● Problem to work on: Copy each line below word for word and drop every image.

● Data shown:
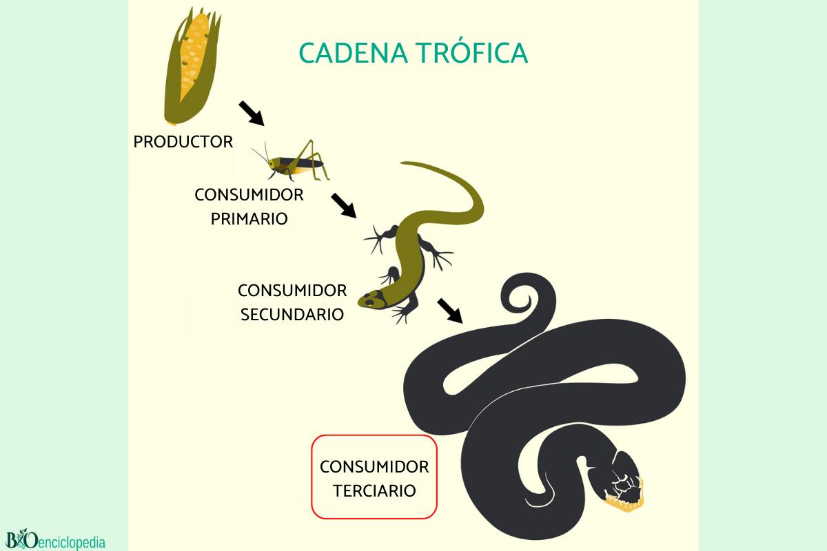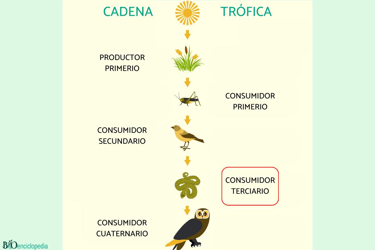En biología los animales se pueden organizar en diferentes estratos teóricos según su función en el ecosistema. De esta forma se crea el concepto de cadena trófica, en la que se representa a los organismos en diferentes niveles dependiendo de sus relaciones con el resto de los organismos de su mismo medio. En el caso de los consumidores terciarios, estamos hablando de animales que ocupan el cuarto estrato o eslabón de la cadena, por encima de los consumidores secundarios y bajo los consumidores cuaternarios, aunque estos últimos no siempre se tienen en cuenta en las cadenas tróficas.
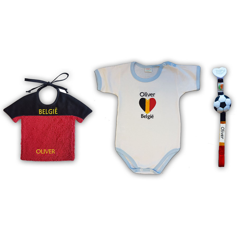 Belgium 3-piece set consisting of bodysuit, bib and dummy chain
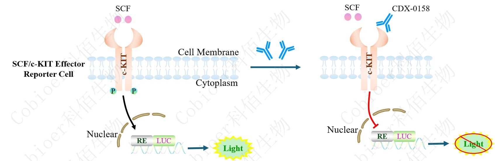 SCF/c-KIT Effector Reporter Cell 報告基因藥靶模型很好的模擬了體內 SCF/c-KIT 的信號轉導過程,原理見下圖所示。

● Your solution:
En biología los animales se pueden organizar en diferentes estratos teóricos según su función en el ecosistema. De esta forma se crea el concepto de cadena trófica, en la que se representa a los organismos en diferentes niveles dependiendo de sus relaciones con el resto de los organismos de su mismo medio. En el caso de los consumidores terciarios, estamos hablando de animales que ocupan el cuarto estrato o eslabón de la cadena, por encima de los consumidores secundarios y bajo los consumidores cuaternarios, aunque estos últimos no siempre se tienen en cuenta en las cadenas tróficas.
 Belgium 3-piece set consisting of bodysuit, bib and dummy chain
 SCF/c-KIT Effector Reporter Cell 報告基因藥靶模型很好的模擬了體內 SCF/c-KIT 的信號轉導過程,原理見下圖所示。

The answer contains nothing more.